Under these circumstances and having the obligation to enable/assist successful interception and disclose communications data, Vodafone concludes that the provision of decryption keys of such communications data in cases when the operator is in possession of the decryption key is mandatory by law.
Article 101(6) refers only to the traffic communications data and location data (otherwise known as call details records or relevant metadata) and does not cover the communication data that can be stored or held with the operator.
2. Does the government have the legal authority to require a telecommunications operator to decrypt data carried across its networks (as part of a telecommunications service or otherwise) where the encryption has been applied by a third party?
No. There is no explicit provision in the Interception Law that obliges operators to support decryption of communication on third party services. On the contrary, Article 21/1 of the Interception Law stipulates that operators should build the necessary infrastructure to ensure interception capability over their users/customers, which make use of the operators’ own electronic communication services.
In addition, under Article 3 of the Interception Law, only operators who are locally licensed/ authorised to conduct telecommunication activity are subject to the Interception Law, which means that any third party which is not licensed/authorised by a local regulatory body would not be subject to interception rules. It is therefore our implicit understanding that the duty to provide interception lies with a licensed operator’s own services/networks. Practically speaking, this means that in order for a law enforcement agency to capture all communication data in their country, all operators in that country would need to be licensed and bound by the interception rules.
Based on the above, decryption of third party communication data by a telecommunications operator could be interpreted as unlawful interception and a breach of communication privacy/secrecy law under the Constitution and the Interception Law.

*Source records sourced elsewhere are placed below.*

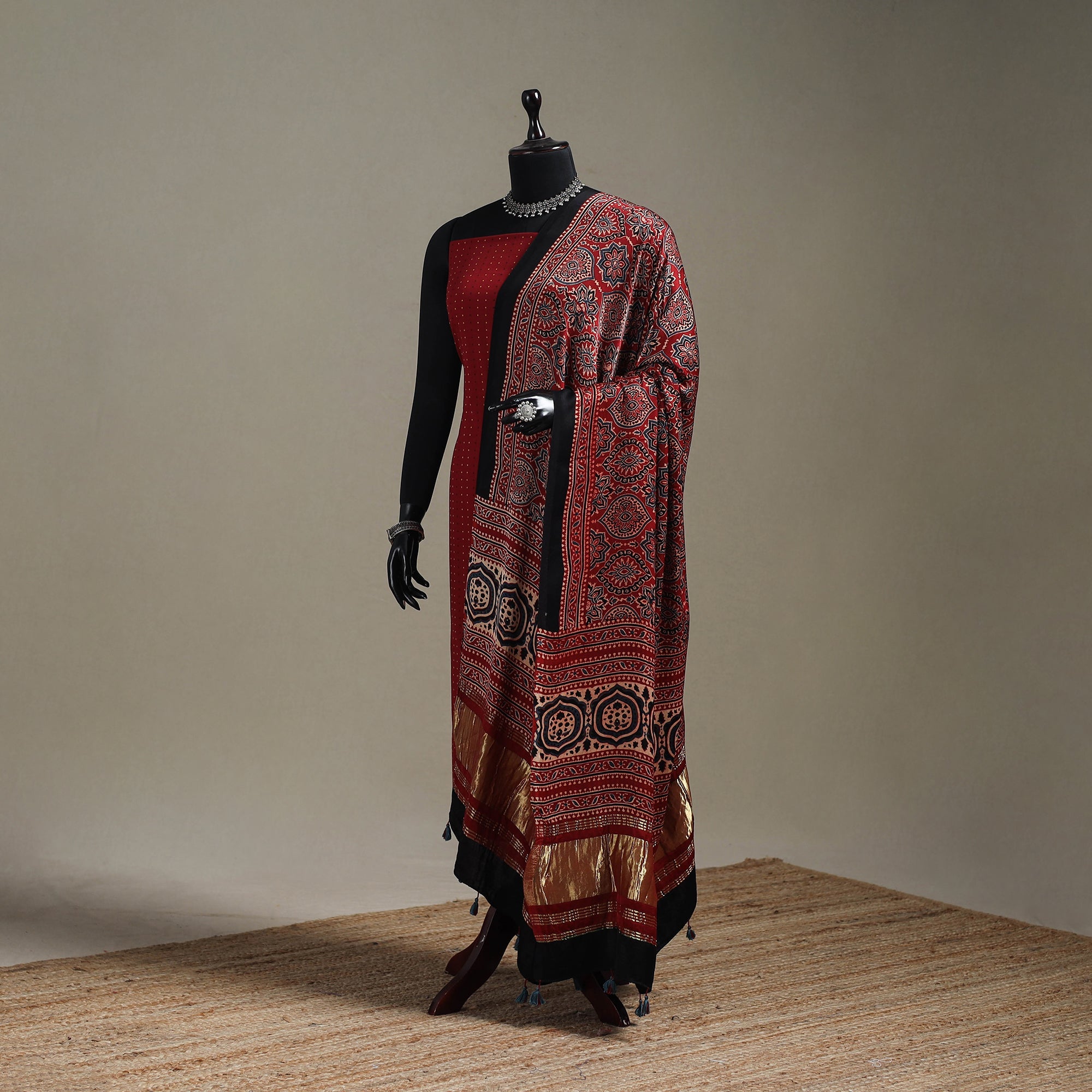 Ajrakh modal silk dupatta with lagdi patta and tassels by Riyaz Abdulmajid Khatri, crafted using traditional natural-dyeing and resist block-printing techniques practiced for generations in the Kutch region. This ancient craft is estimated to be around 4,500 years old, known for its deep, earthy colours and ethnic motif. The printing process is long and intricate, involving multiple stages of washing, dyeing and resist application. This dupatta is suitable for occasions, casual outings or adding a touch of elegance to everyday wear.
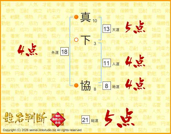 真下協さんの総運は21画の5点!
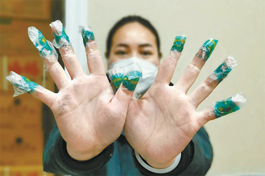 手被劃破,來不及找醫(yī)用膠布,萬州移民廣場郵政所負(fù)責(zé)人蒲春燕就用郵政膠帶包上手指接著打包。譚海霞 攝
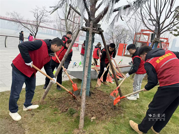 理論學(xué)習(xí)終要落地于實(shí)踐行動(dòng)。宣講結(jié)束后,志愿者們手持夾鉗、垃圾袋等工具,對(duì)長江岸邊的垃圾、雜草及水面漂浮物開展地毯式清理,不放過任何衛(wèi)生死角,用雙手讓雜亂的灘涂恢復(fù)整潔開闊。恰逢植樹節(jié)將至,志愿者們又揮鍬鏟土、扶苗圍堰、提水澆灌,在指定區(qū)域有序栽種新苗,為長江岸線增添一抹新綠,以實(shí)際行動(dòng)厚植生態(tài)底色,踐行綠色發(fā)展理念。
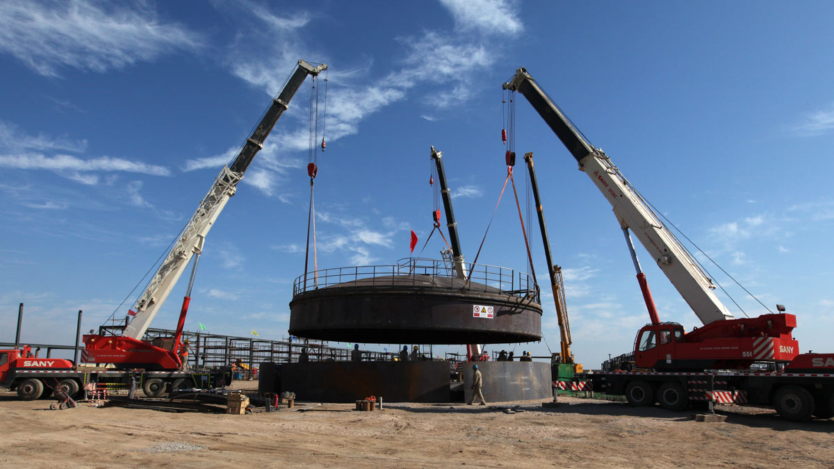大慶油田工程建設(shè)進(jìn)行伊拉克哈法亞油田CPF1項(xiàng)目3000立罐體吊裝罐體安裝
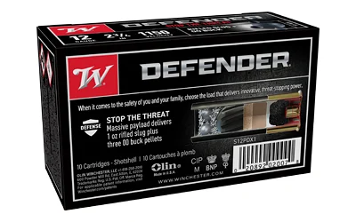 The 12-gauge PDX1 Defender ammunition features a distinctive black hull, black oxide high-base head and 3 pellets of Grex buffered 00 plated buckshot nested on top of a 1 oz rifled slug. The result is the ideal, tight patterning personal defense load. The slug/buckshot combination provides optimum performance at short and long ranges.
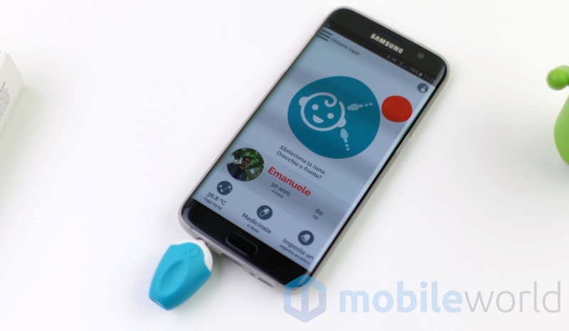 Appena effettuato l’accesso ci verrà chiesto di collegare il dispositivo che, una volta identificato, ci permetterà di effettuare le misurazioni. Dalla schermata principale dell’app si ha la possibilità di effettuare una misurazione dalla fronte o dall’orecchio. Naturalmente quella tramite orecchio sarà più precisa di quella tramite la fronte che può essere influenzata da fattori come sudorazione o trucco. Per la misurazione della temperatura tramite canale uditivo bisognerà togliere il “tappo” in silicone in modo da inserire il termometro nell’orecchio; tappo che sarà invece indispensabile per effettuare una misurazione tramite la fronte.
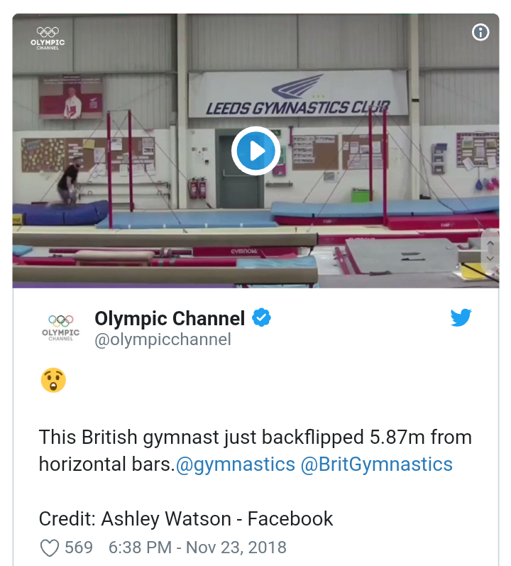 Член сборной Великобритании по спортивной гимнастике Эшли Уотсон попал в книгу рекордов Гиннесса.
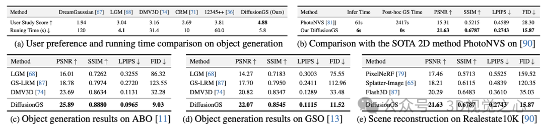 定量实验对比如表1所示,我们的方法在不借助 2D image diffusion prior 和 monocular depth estimator 的情况下比 SOTA 方法达到更好的测试指标和更快的生成速度。
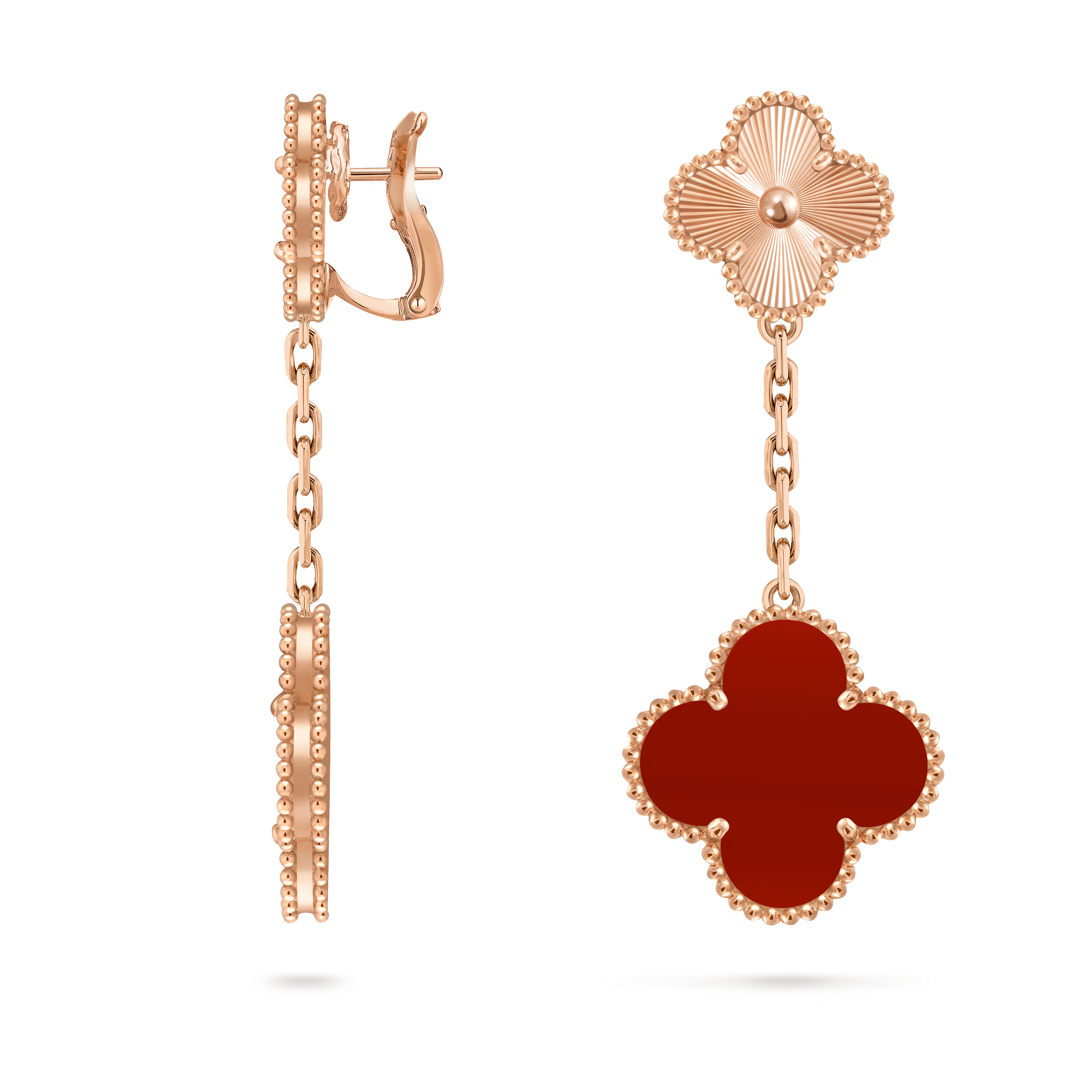 Magic Alhambra Earrings, 2 Motifs – 18K Rose Gold & Carnelian**
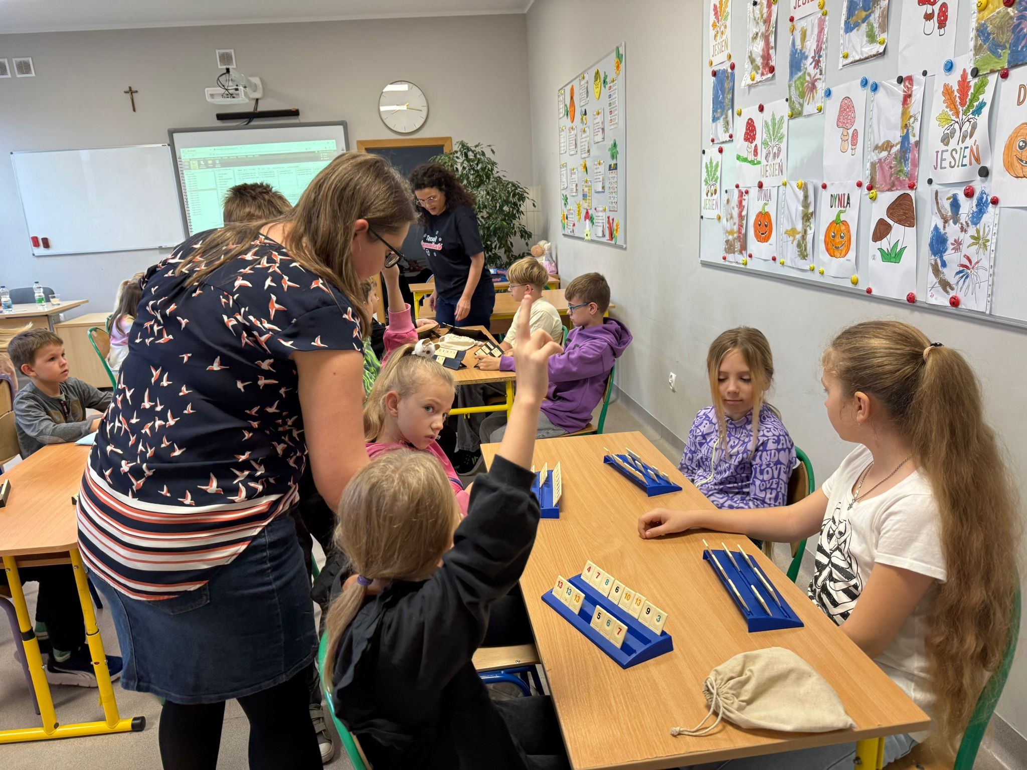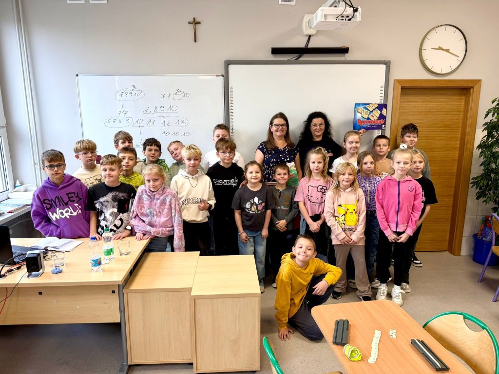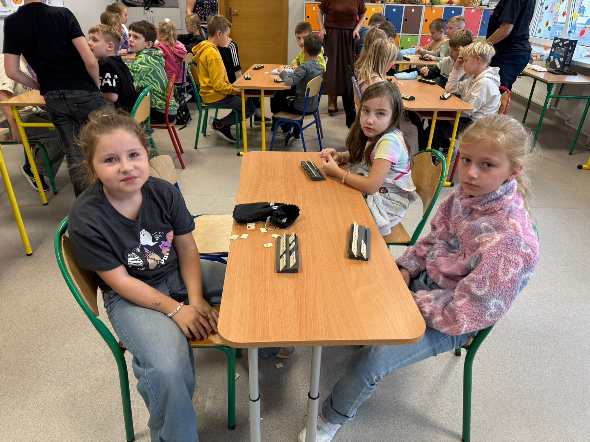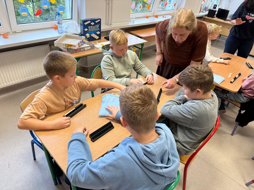 Dziś w klasie 3B poznaliśmy zasady gry Rummikub. Dzięki inicjatywie Pani Eweliny Niepiekło-Kochel – mamy Wojtka i Janka, odwiedziła nas pani Anna Poniatowska – trenerka gry Rummikub 🧩

3. Can a telecommunications operator lawfully offer end-to-end encryption on its communications services when it cannot break that encryption and therefore could not supply a law enforcement agency with access to cleartext metadata and content of the communication on receipt of a lawful demand?
There is not any express mandatory law provision that limits a telecommunications operator in providing end-to-end encryption on its communication services.
Nevertheless, from the perspective of interception obligations under the Interception Law, a telecommunications operator must offer, at its own expense, the technological solutions that would enable the competent authorities to perform the interception activity whenever it is required to do so. The issue with end-to-end encryption is that it makes it impossible to commit to decrypt the communications when and if requested.
Based on the above and acknowledging that end-to-end encryption limits a telecommunications operator’s capacity to comply with the lawful interception obligations, Vodafone concludes that in practical terms a telecommunications operator cannot offer end-to-end encryption because it would not be capable of decrypting such communication should the authorities request to intercept it at a laterstage.
4. Please provide examples in your jurisdiction where legislation that predated the advent of commercial encryption (which Vodafone estimate as circa 1990) has been applied to contemporary cases involving encryption.
There are no such precedents in Albania.